Es steigt die junge Lerche frei
Empor gleich einem Jubelschrei
Im Wirbel ihrer Lieder.
Im nahen Holz der Kuckuck ruft,
Die Amsel segelt durch die Luft
Auf goldenem Gefieder.

O Welt voll Glanz und Sonnenschein,
O rastlos Werden, holdes Sein,
O höchsten Reichtums Fülle!
Und dennoch, ach – vergänglich nur
Und todgeweiht, und die Natur
Ist Schmerz in Schönheitshülle.

Ada Christen: Nach dem Regen

Ada Christen:

Nach dem Regen

Die Vögel zwitschern, die Mücken
Sie tanzen im Sonnenschein,
Tiefgrüne feuchte Reben
Gucken ins Fenster herein.

Die Tauben girren und kosen
Dort auf dem niedern Dach,
Im Garten jagen spielend
Die Buben den Mädeln nach.

Es knistert in den Büschen,
Es zieht durch die helle Luft
Das Klingen fallender Tropfen,
Der Sommerregenduft.

Hermann von Lingg: Frühlingsmorgen

Hermann von Lingg:

Frühlingsmorgen

Tief im Winter hör‘ ich’s gerne,
Eh‘ die Sonn‘ hervorgewallt,
Wie durchs Dunkel aus der Ferne
Eine Morgenglocke schallt.

Im August, wenn Donner rollen,
Freut mich’s wie die Windfahn‘ ächzt,
Und im Herbst, wenn auf den Schollen
Abends spät ein Rabe krächzt.

Doch was kann mein Herz erweitern
Wie der erste Finkenschlag,
Wie der Lerche Lied am heitern,
Wundervollen Frühlingstag?

Barthold Hinrich Brockes: Kirschblüte bei der Nacht

Ich sahe mit betrachtendem Gemüte
jüngst einen Kirschbaum, welcher blühte,
in kühler Nacht beim Mondenschein;
ich glaubt, es könne nichts von größerer Weiße sein.
Es schien, als wär ein Schnee gefallen;
ein jeder, auch der kleinste Ast,
trug gleichsam eine rechte Last
von zierlich weißen runden Ballen.
Es ist kein Schwan so weiß, da nämlich jedes Blatt,
– indem daselbst des Mondes sanftes Licht
selbst durch die zarten Blätter bricht –
sogar den Schatten weiß und sonder Schwärze hat.
Unmöglich, dacht ich, kann auf Erden
was Weißres aufgefunden werden.
Indem ich nun bald hin, bald her
im Schatten dieses Baumes gehe,
sah ich von ungefähr
durch alle Blumen in die Höhe
und ward noch einen weißern Schein,
der tausendmal so weiß, der tausendmal so klar,
fast halb darob erstaunt, gewahr.
Der Blüte Schnee schien schwarz zu sein
bei diesem weißen Glanz.
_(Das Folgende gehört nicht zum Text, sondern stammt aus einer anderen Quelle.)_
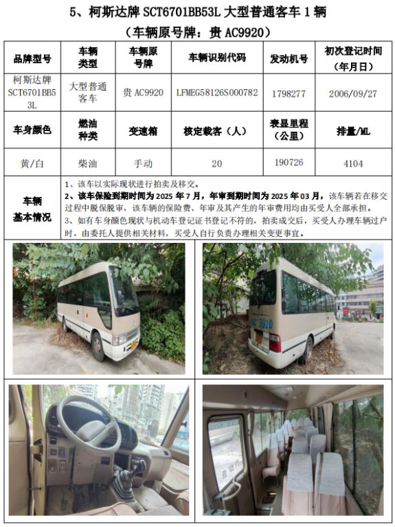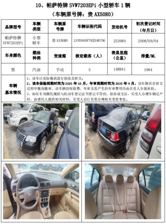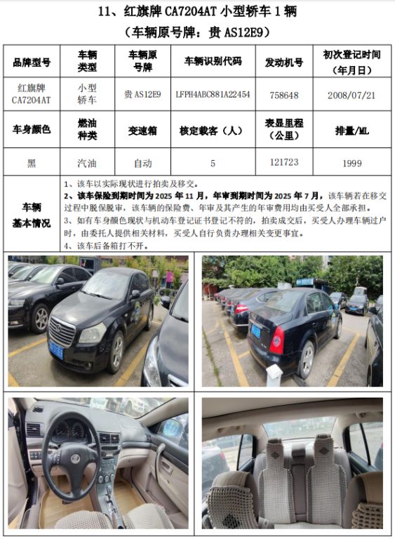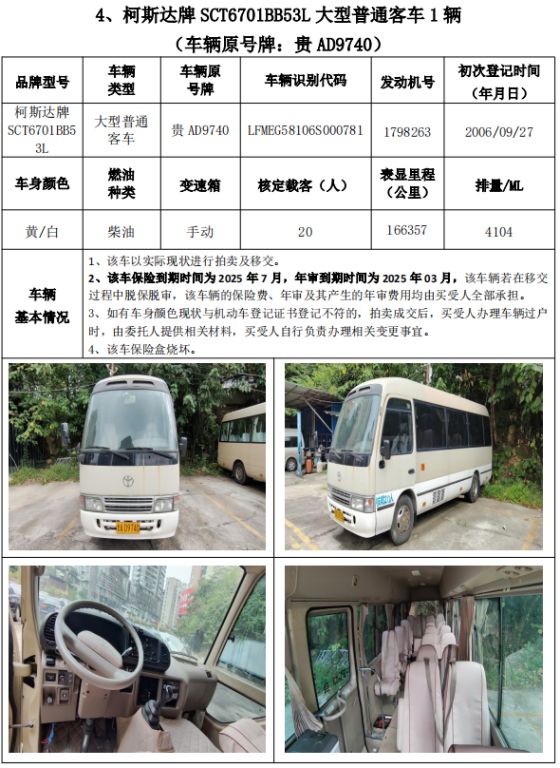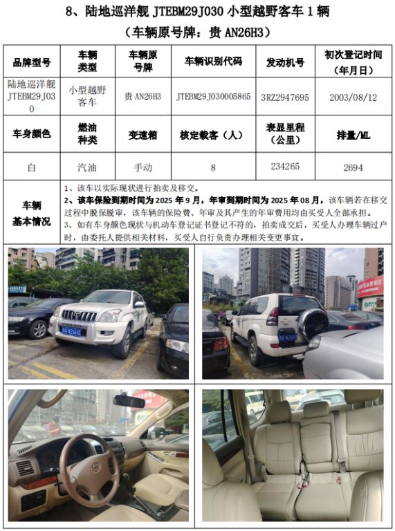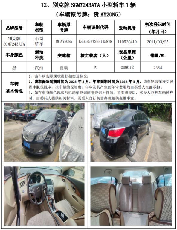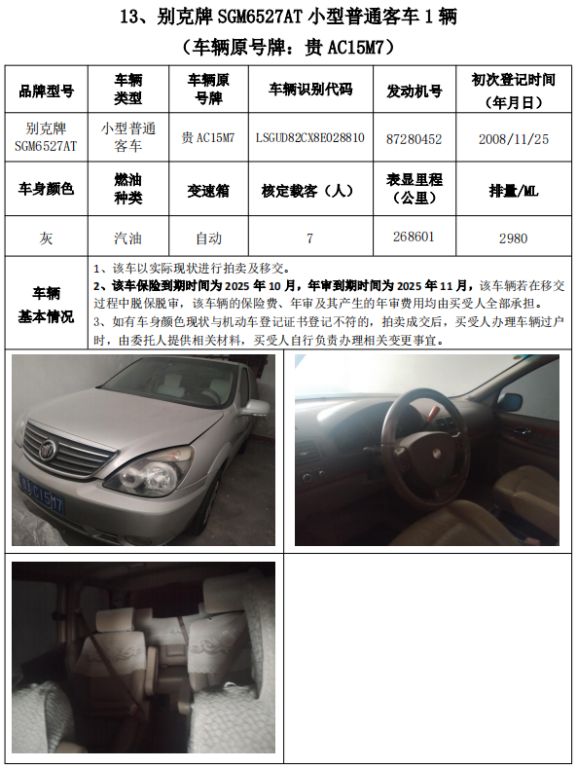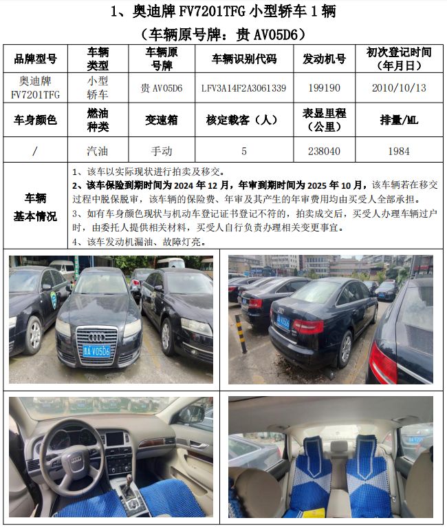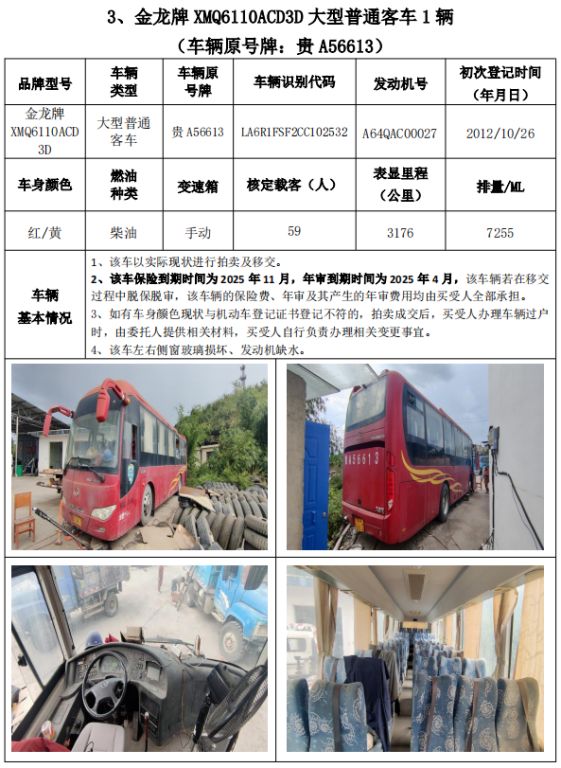 受委托,我公司定于2024年11月8日(星期五)下午14:30時(shí),在貴州省公共資源交易中心開標(biāo)室11室(貴陽市南明區(qū)遵義路)公開拍賣以下標(biāo)的:

Es fiel mir ins Gesicht
von einem hellen Stern ein weißes Licht,
das mir recht in die Seele strahlte.
Wie sehr ich mich an Gott im Irdischen ergötze,
dacht ich, hat er dennoch weit größre Schätze.
Die größte Schönheit dieser Erden
kann mit der himmlischen doch nicht verglichen werden.